(Beginning of PROVIDED MATERIAL)

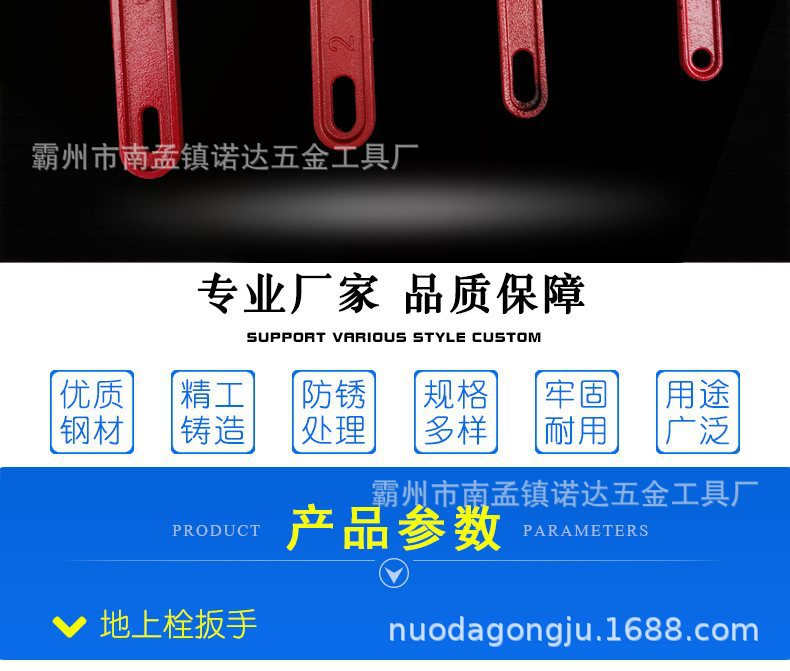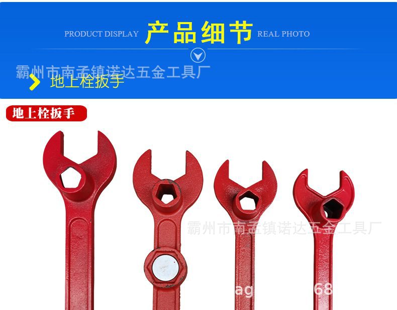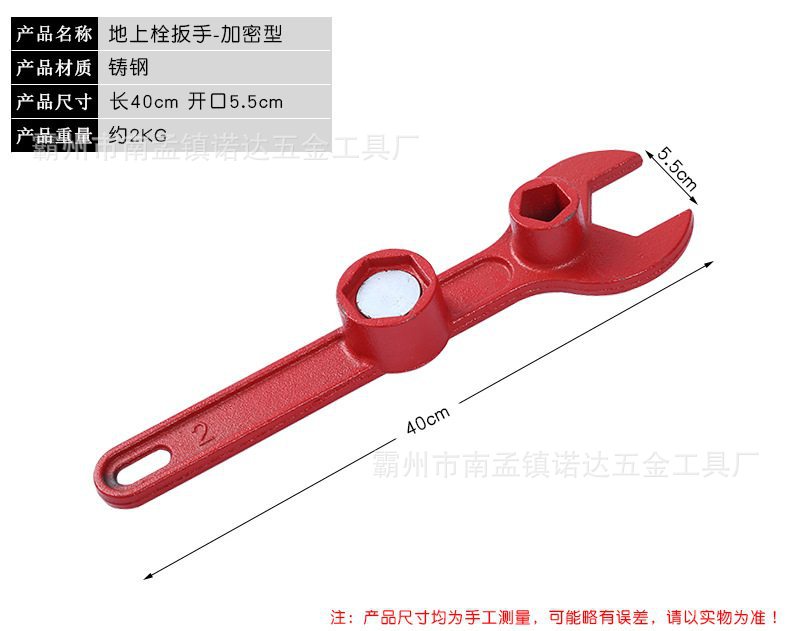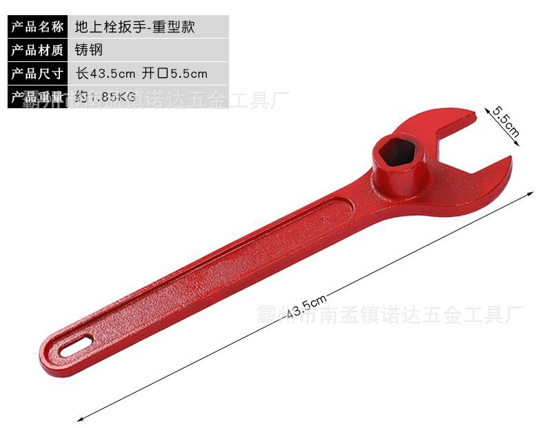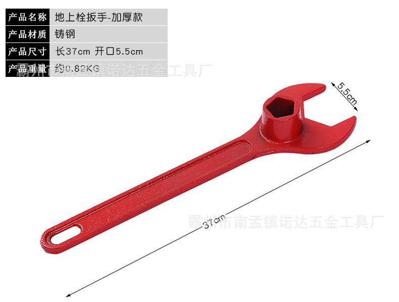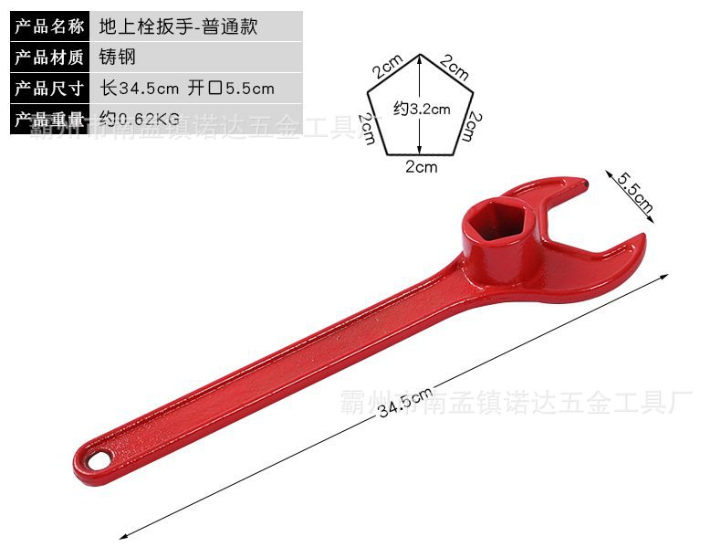 由扳手由异型钳口、手柄、套筒开关、磁压式开关,开口大,带磁压式开关材料:航空铝和特种钢制作, 重量:2.2kg+0.1kg。 套筒尺寸: 六边形套筒边长26mm; 五边形套筒尺寸:边长20mm、斜度1:10; 功能参数: 可以打开尺寸不标准、生锈、打滑的老式地上消火栓、新式磁吸 式地上消火栓和水泵接合器的扪盖; 扳手由手柄、套筒和可活动的异形钳口等组成; 手柄上设有套筒开关,可实现一把扳手开启各种规格的五方、六 方消火栓阀门; 扳手材料选用航空铝、45号钢、强磁等。
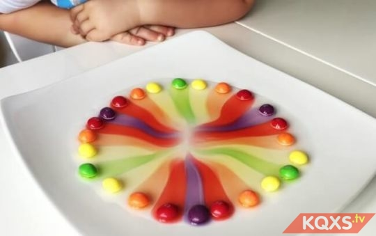 Bạn hãy để trẻ xếp những viên kẹo cứng nhiều màu sắc thành một vòng tròn trên chiếc đĩa. Sau đó chỉ cần đổ nước vào giữa vòng trong của chiếc đĩa và ngồi đợi. Cầu vòng đầy màu sắc sẽ từ từ xuất hiện.
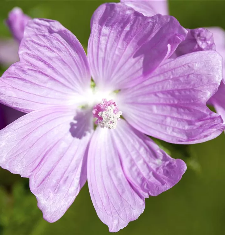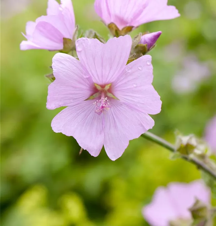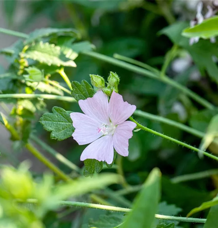 Malva moschata bildet schalenförmige, hellrosafarbene Blüten ab Juni. Diese verströmen einen angenehmen Duft.
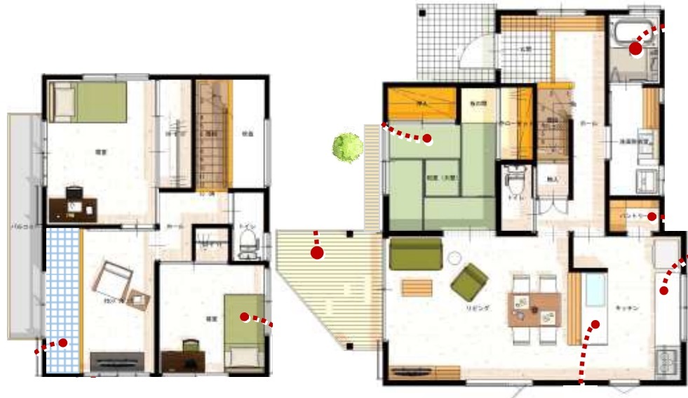 - ※完成予想図はいずれも外構、植栽、外観等実際のものとは多少異なることがあります。

(End of PROVIDED MATERIAL)

> _TASK TO COMPLETE_
Write the data above out again exactly, minus its pictures.

> _RESULT_
 由扳手由异型钳口、手柄、套筒开关、磁压式开关,开口大,带磁压式开关材料:航空铝和特种钢制作, 重量:2.2kg+0.1kg。 套筒尺寸: 六边形套筒边长26mm; 五边形套筒尺寸:边长20mm、斜度1:10; 功能参数: 可以打开尺寸不标准、生锈、打滑的老式地上消火栓、新式磁吸 式地上消火栓和水泵接合器的扪盖; 扳手由手柄、套筒和可活动的异形钳口等组成; 手柄上设有套筒开关,可实现一把扳手开启各种规格的五方、六 方消火栓阀门; 扳手材料选用航空铝、45号钢、强磁等。
 Bạn hãy để trẻ xếp những viên kẹo cứng nhiều màu sắc thành một vòng tròn trên chiếc đĩa. Sau đó chỉ cần đổ nước vào giữa vòng trong của chiếc đĩa và ngồi đợi. Cầu vòng đầy màu sắc sẽ từ từ xuất hiện.
 Malva moschata bildet schalenförmige, hellrosafarbene Blüten ab Juni. Diese verströmen einen angenehmen Duft.
 - ※完成予想図はいずれも外構、植栽、外観等実際のものとは多少異なることがあります。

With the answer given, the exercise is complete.